Type:
Educational Exhibit
Keywords:
Extremities, Lymph nodes, Interventional vascular, Conventional radiography, Fluoroscopy, CT, Embolisation, Ablation procedures, Technical aspects, Fistula, Outcomes, Trauma
Authors:
C. M. Sommer1, F. Offensperger1, A. Hatopp1, C. Goerig1, J. Hornung1, T. Hupp1, J. Köninger1, H. U. Kauczor2, G. M. Richter1; 1Stuttgart/DE, 2Heidelberg/DE
DOI:
10.26044/ecr2019/C-0660
Findings and procedure details
Transpedal lymphangiography:
Transpedal lymphangiography applying iodized oil as contrast and occlusion material and radiography and CT as imaging modalities is the first-line approach to visualize type (e.g.
lymphopseudoaneurysm or lymphocele),
degree (e.g.
unifocal or multifocal) and exact location (e.g.
efferent to lymph nodes) of post-operative therapy-refractory lymphatic fistula in the groin region.
The major steps of transpedal lymphangiography - including preparation,
cut-down and iodized oil application - is presented in Figures 2 and 3.

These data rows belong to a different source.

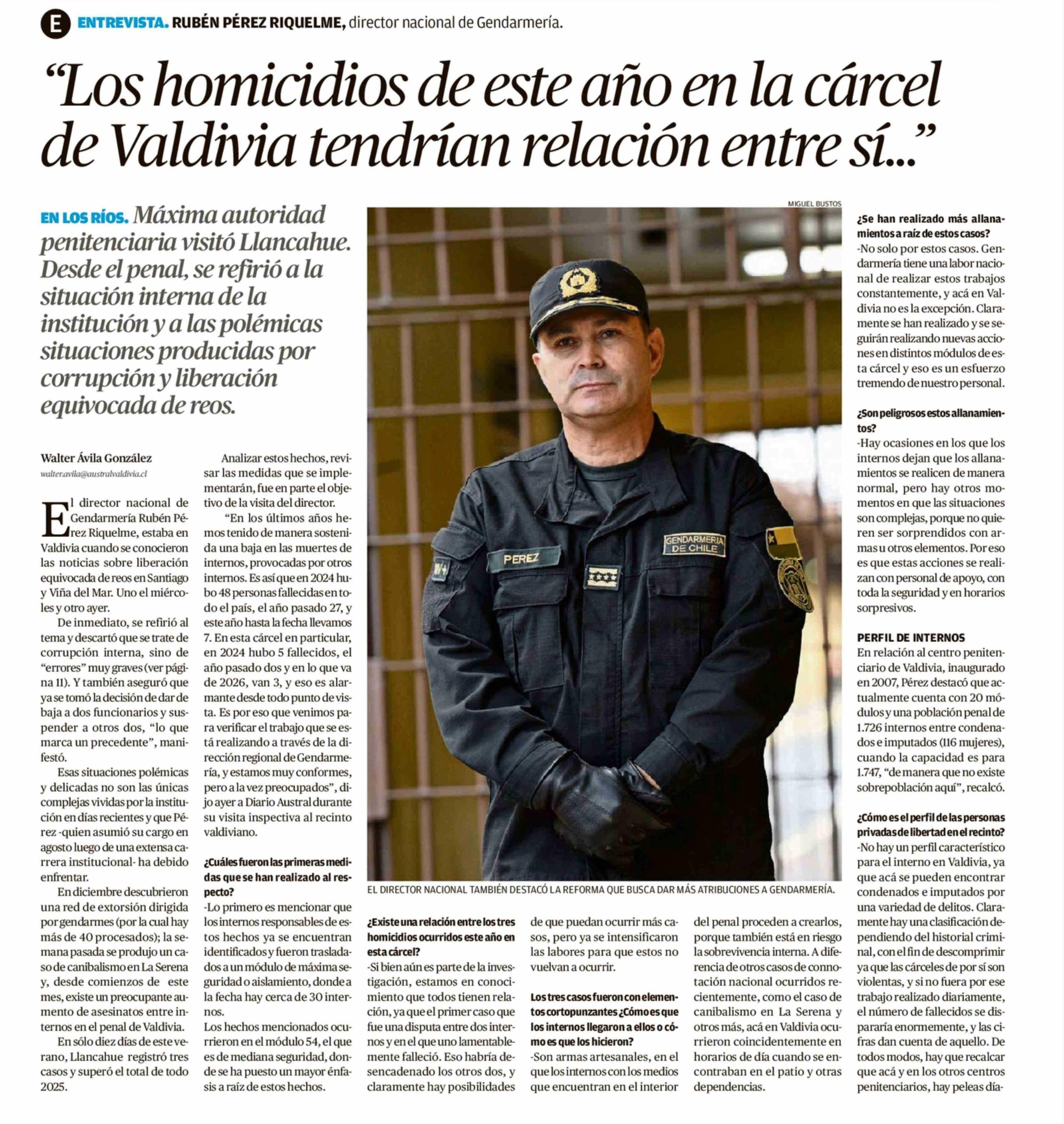 “Los homicidios de este año en la cárcel de Valdivia tendrian relación entre sí...”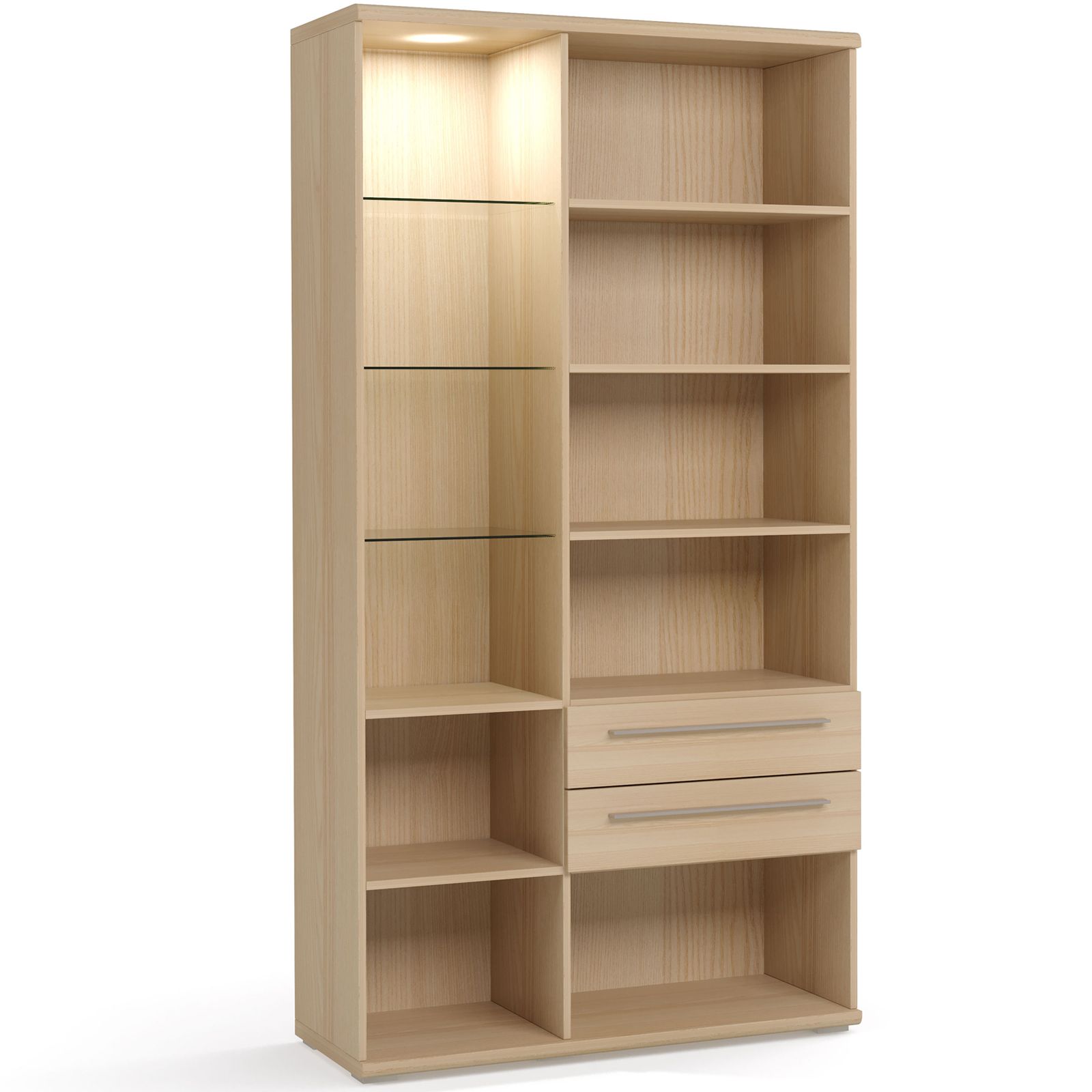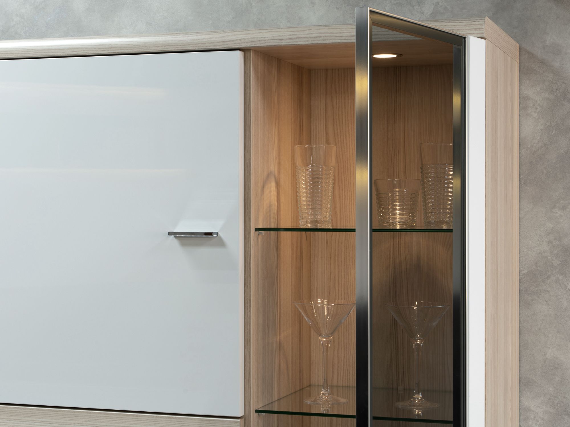 Вместительный шкаф ESTE оснащен распашными фасадами и выдвижными ящиками. За закаленным тонированным стеклом расположены стеклянные полки и система внутренней подсветки.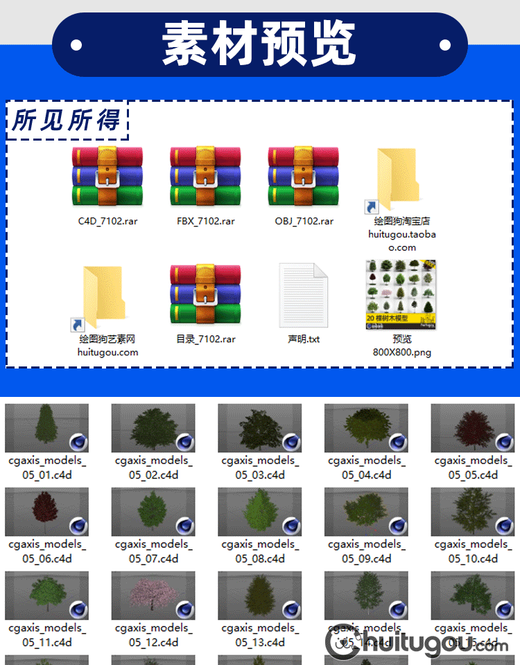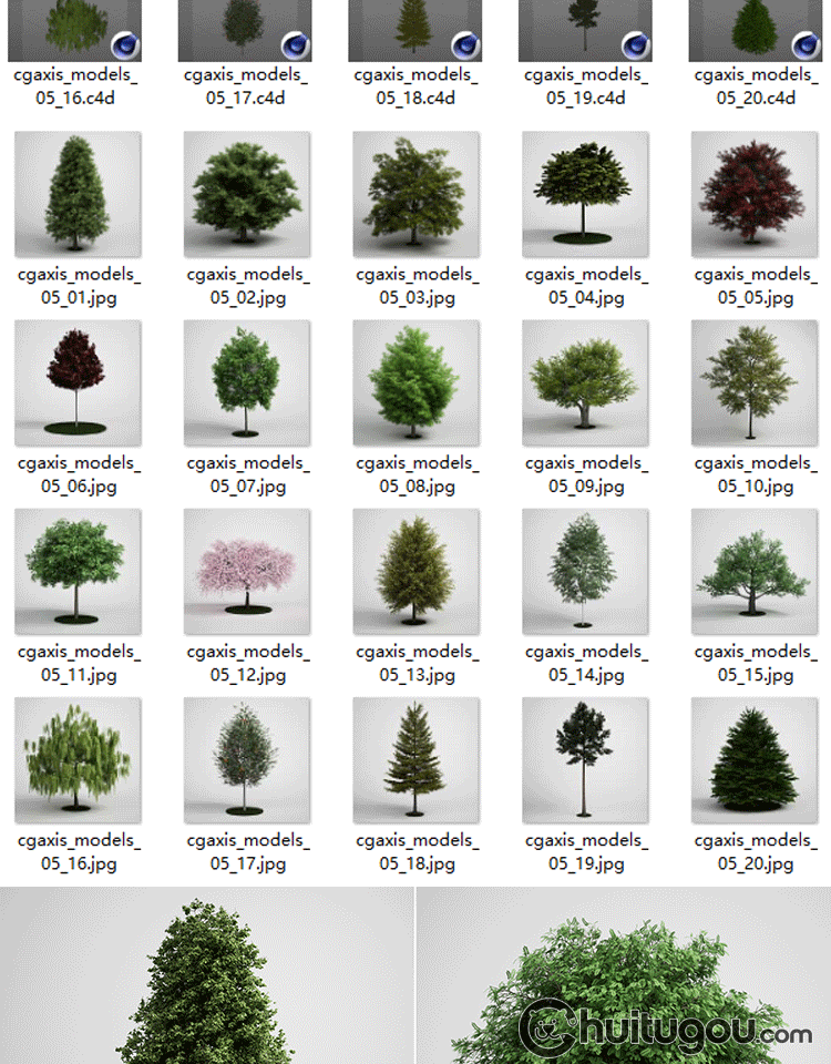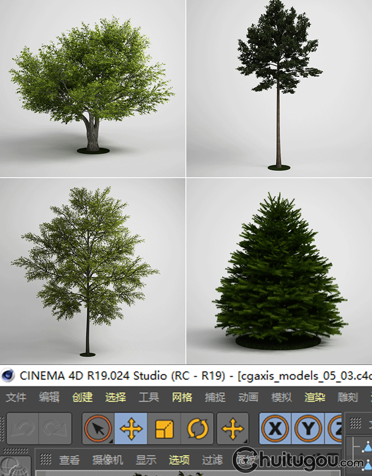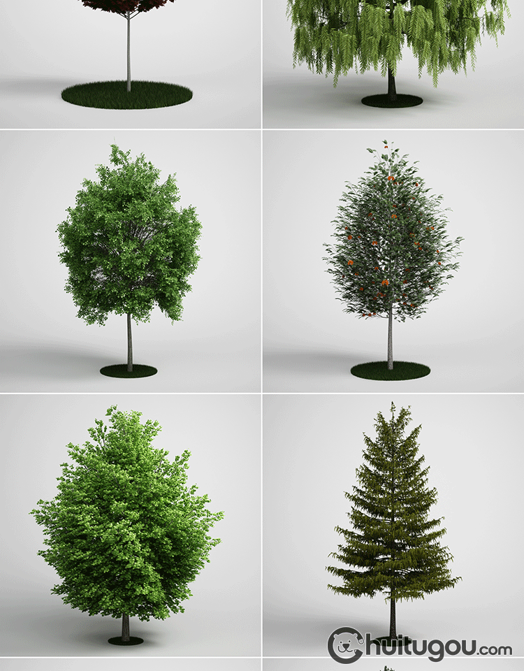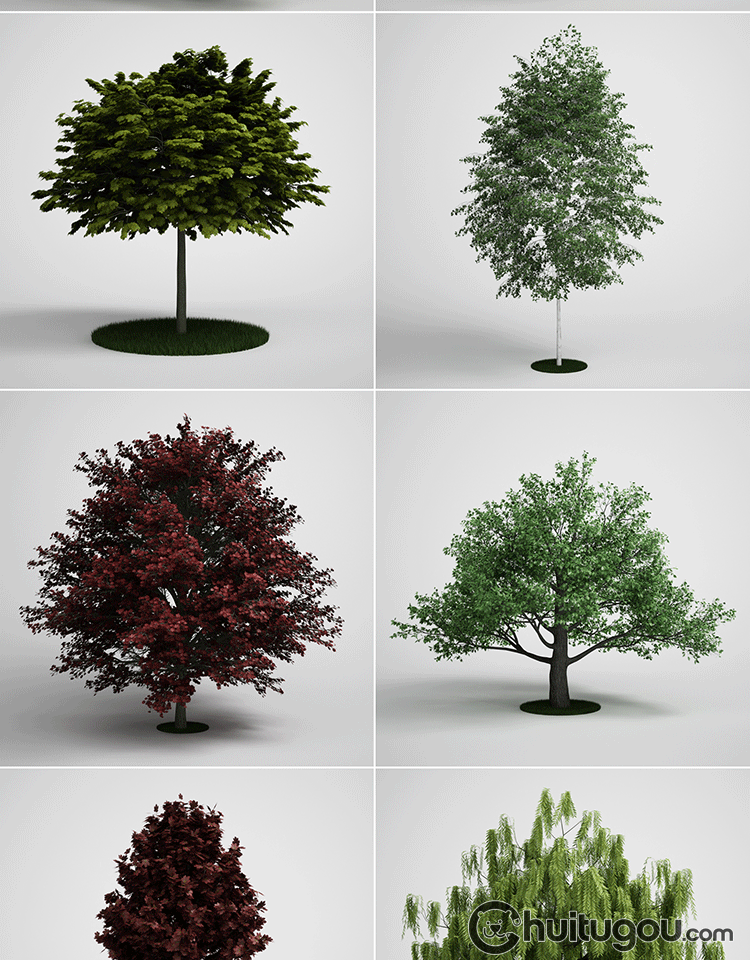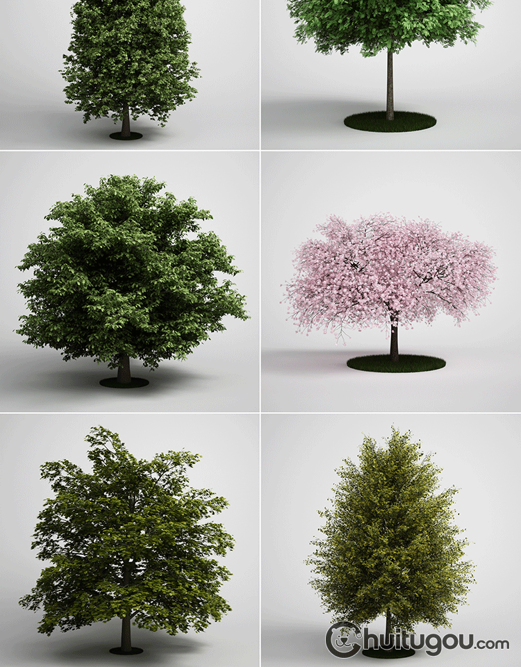 写实自然树木模型C4D庭院植物大树FBX樱花树柳树OBJ渲染设计素材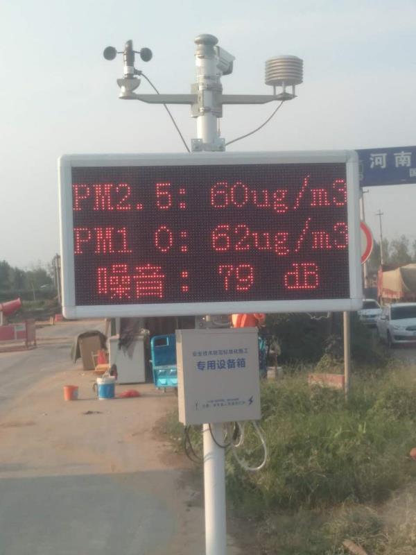 在該項目部門口,豎著一塊電子屏,上面不僅顯示氣溫、風速、風向、濕度和噪音,還顯示PM10和PM2.5濃度,這就是新近安裝的揚塵在線監(jiān)測系統(tǒng)。該揚塵在線監(jiān)測系統(tǒng)具有實時在線監(jiān)測污染顆粒物濃度、噪聲強度、氣象參數(shù)功能,24小時在線連續(xù)監(jiān)測,超過報警值時還能自動啟動監(jiān)控設備。
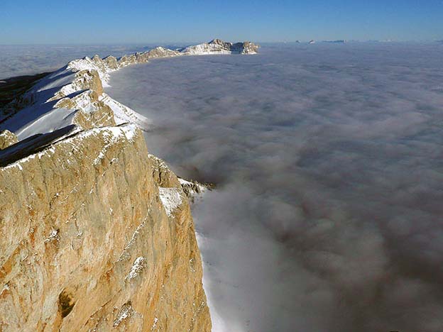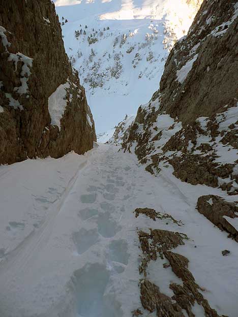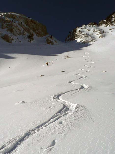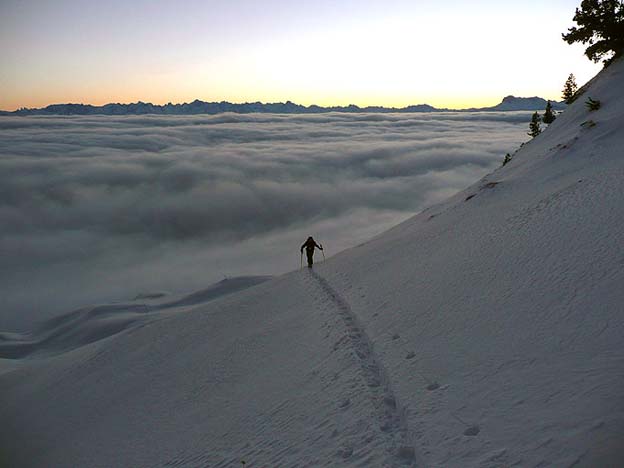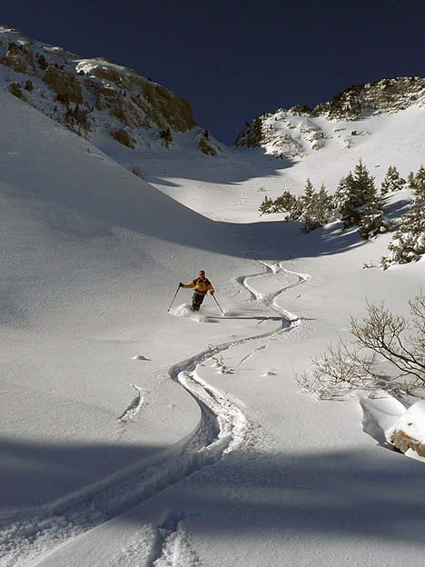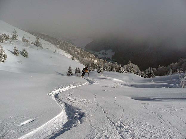 Très grosse poudre jusqu'à 100 m sous le pas de la Ville où à nouveau l'enneigement diminue peu à peu. Face nord Veymont insuffisamment enneigée pour être skiée mais passe bien à la montée avec qq déchaussages. Face ouest : neige soufflée peu épaisse en haut sans sous-couche (on se fait léger et on touche régulièrement) puis on ne touche plus sous 2100.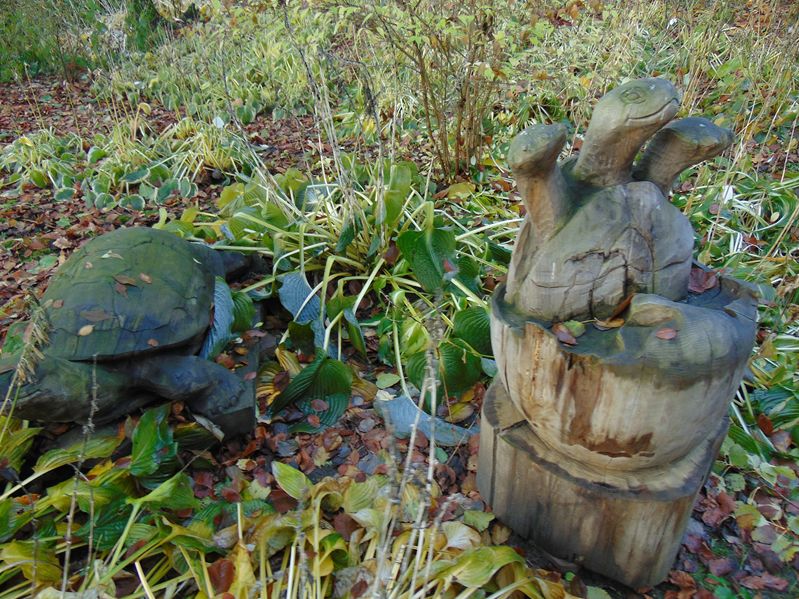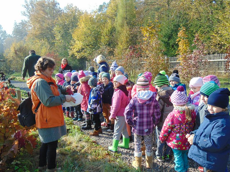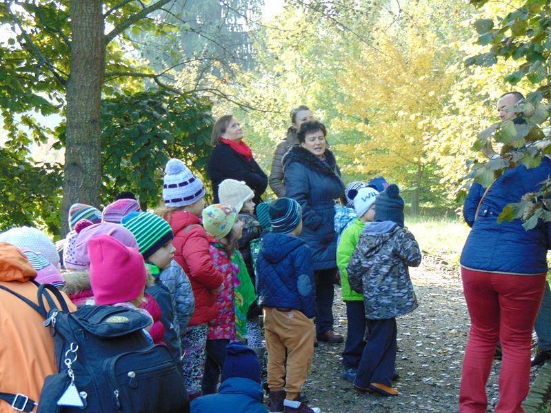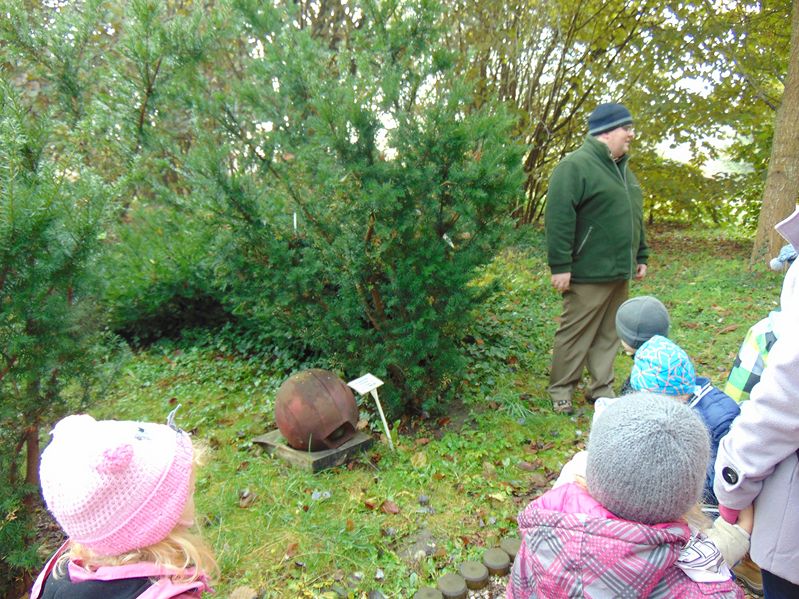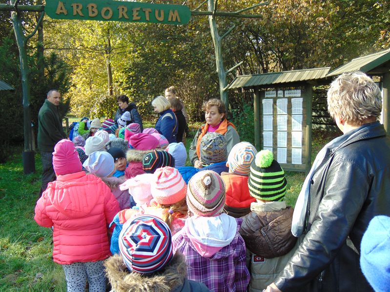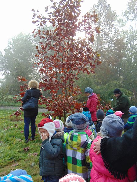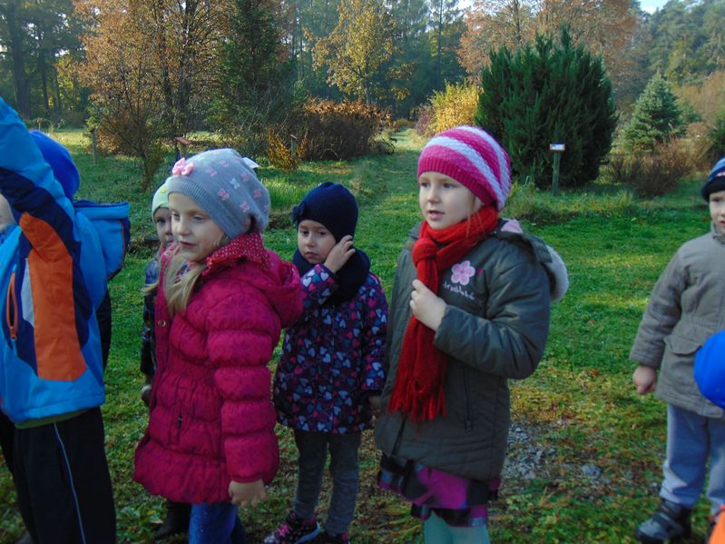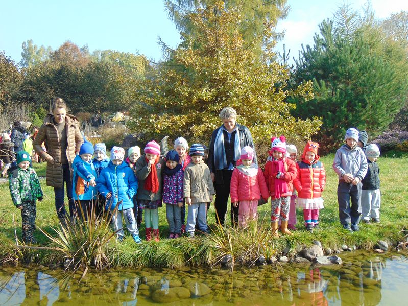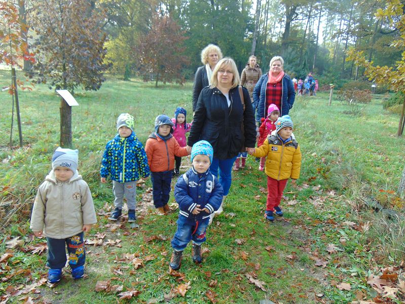 Podczas spaceru po arboretum przedszkolaki zobaczyły najciekawsze obiekty przyrody ożywionej m.in. Alpinarium z kolekcją roślin górskich, rośliny występujące w Ameryce Północnej i Azji oraz eksponaty tam umieszczone np. duże drewniane zwierzęta.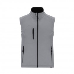 Resistente al Viento y al Agua Chaleco Soft Shell RPET confeccionado en 3 capas, de 340 g/m2. Con membrana de 8000mm, impermeable y transpirable. Exterior en Soft Shell e interior en tejido polar microfleece en color negro. Con bolsillo exterior en pecho derecho y dos bolsillos laterales con cremalleras. Con cremallera central y cremalleras invertidas en bolsillos, incluyendo tiradores de cordón en color negro. Cuenta con protector de barbilla a juego y cintura ajustable, con cordón elástico y tope. Distintivo RPET en el ribete de la prenda.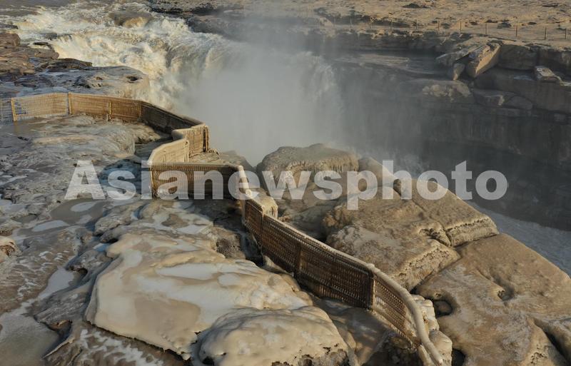 2022年12月7日,在山西吉县黄河壶口瀑布拍摄的冰挂彩虹景观。大雪时节,受持续降温天气影响,位于山西吉县和陕西宜川县交界的黄河壶口瀑布出现冰挂景观,层层叠叠的冰挂与瀑布上空飞舞的彩虹交相辉映,景色壮美。

In a considerable number of patients,
transpedal lymphangiography alone is a curative treatment due to blockage of afferent lymph ducts and sterile inflammation processes with subsequent scarring in the location of the pathological iodized oil extravasation (Figures 4-7). According to our clinical experience with more than 500 transpedal lymphangiographies during the last 25 years, cure of lymphatic fistula located at or below the level of the inguinal ligament can be expected after single or repetitive transpedal lymphangiography in approximately 50% of patients within some days or few weeks.
Thereby,
technical success and procedure-related complication rates are approximatelly 90% and <0.5%,
respectively.
After transpedal lymphangiography,
patent blue at the injection site undergoes resorption within different intervals (Figure 8).
Percutaneous lymphatic second-line interventions:
In case of clinical failure after transpedal lymphangiography,
which should be confirmed not earlier than 2 weeks after transpedal lymphangiography,
percutaneous lymphatic second-line interventions are indicated.
Depending on type,
degree and exact location of the lymphatic fistula,
fluoroscopy-,
ultrasound- and/or CT- or cone-beam CT-guided sclerotherapy or embolization of afferent lymph ducts,
lymph nodes,
pathologic iodized oil extravasation,
and/or the lymphopseudoaneurysm (e.g.
applying ethanol 95% and/or histoacryl/iodized oil mixtures in different ratios) can be performed safely and effectively.
In a substantial number of patients,
these different percutaneous lymphatic second-line interventions can be performed without repeated transpedal lymphangiography (Figures 9 and 10).
Alternatively,
different percutaneous lymphatic second-line interventions can be combined with transpedal lymphangiography in a one-stage procedure with the intention to accelerate cure of the lymphatic fistula (Figure 11-13).
According to our current clinical experience,
percutaneous lymphatic second-line interventions increase the clinical success rate of transpedal lymphangiography alone by >25%.
Additionally,
the cure of lymphatic fistula after percutaneous lymphatic second-line interventions can be expected in less time compared with transpedal lymphangiography alone.